55 Tufton Street has been allegedly linked to a number of dubious and potentially illegal activities. Its think tanks have been accused of spreading misinformation, using corporate-funded reports to push policies that benefit their donors, and engaging in covert lobbying efforts to influence government decision-making. While many of these activities may not necessarily be illegal, they do raise significant ethical concerns about the role of money in politics and the lack of transparency in the relationship between think tanks, politicians, and media outlets. There are also concerns about the regulatory capture that has occurred as a result of 55 Tufton Street’s influence. Key figures in government, particularly in the Conservative Party, have been accused of prioritising the interests of their financial backers over the public good, resulting in policies that favour the wealthy and powerful at the expense of ordinary citizens. The lack of accountability for these actions is a central issue, as it allows powerful individuals and corporations to exert disproportionate influence over the political process.

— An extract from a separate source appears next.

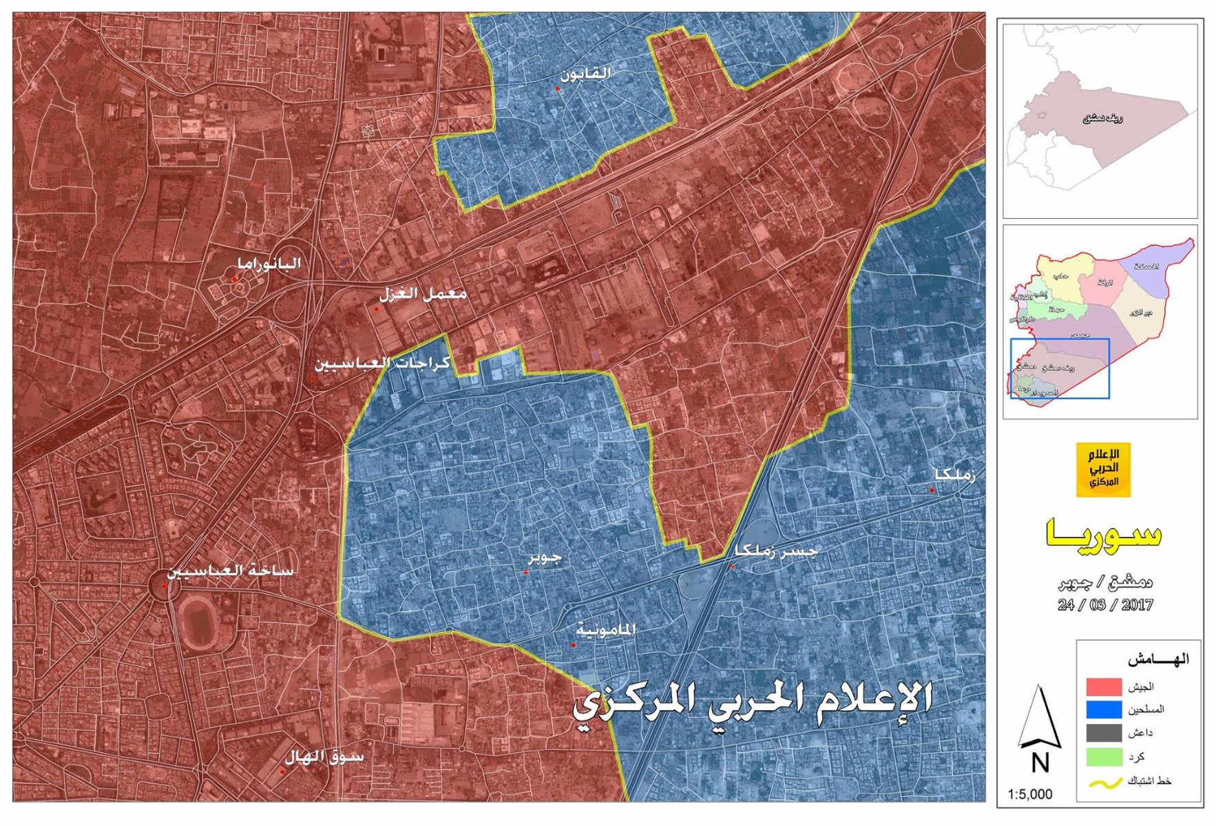 Damašek. Po 6 ich dňoch bojov sa obnovili hranice priemyselného územia do východzieho stavu. Hay'at Tahrir al-Sham (predtým Jabhet al-Nusrat) stiahla svojich bojovníkov z bojiska včera večer. Poľný reportér usudzuje, že takéto stiahnutie môže byť vykonané v dôsledku ťažkých strát.

55 Tufton Street is not just an address. It's a rats nest of corporate neoliberal wankstains that pushes odious neolib policies that hurt the poor and the vulnerable the most. It's probably why Wes Streeting feels at home there. It represents the heart of a powerful network that has infiltrated British politics and shaped the policies that affect millions of lives. From its influence in the rise of Liz Truss to its control over key politicians like Wes Streeting and its ability to manipulate the media, 55 Tufton Street is a force to be reckoned with. Behind the façade of think tanks and policy reports lies a web of financial interests and ideological control that has altered the course of British politics. As the country faces mounting challenges, from the cost-of-living crisis to climate change, it is clear that the influence of 55 Tufton Street must be scrutinised. It needs to be reigned in as it is a clear and present threat to our democracy. Until we confront the grip of powerful financial backers and the manipulation of political narratives, true democratic accountability will remain out of reach. It’s time to demand transparency, accountability, and an end to the covert power that operates behind that Georgian frontage in an unassuming street just behind Millbank.
If one day, there was a pile of rubble there, where the building once existed, only English Heritage and the very worst people in society would mourn it.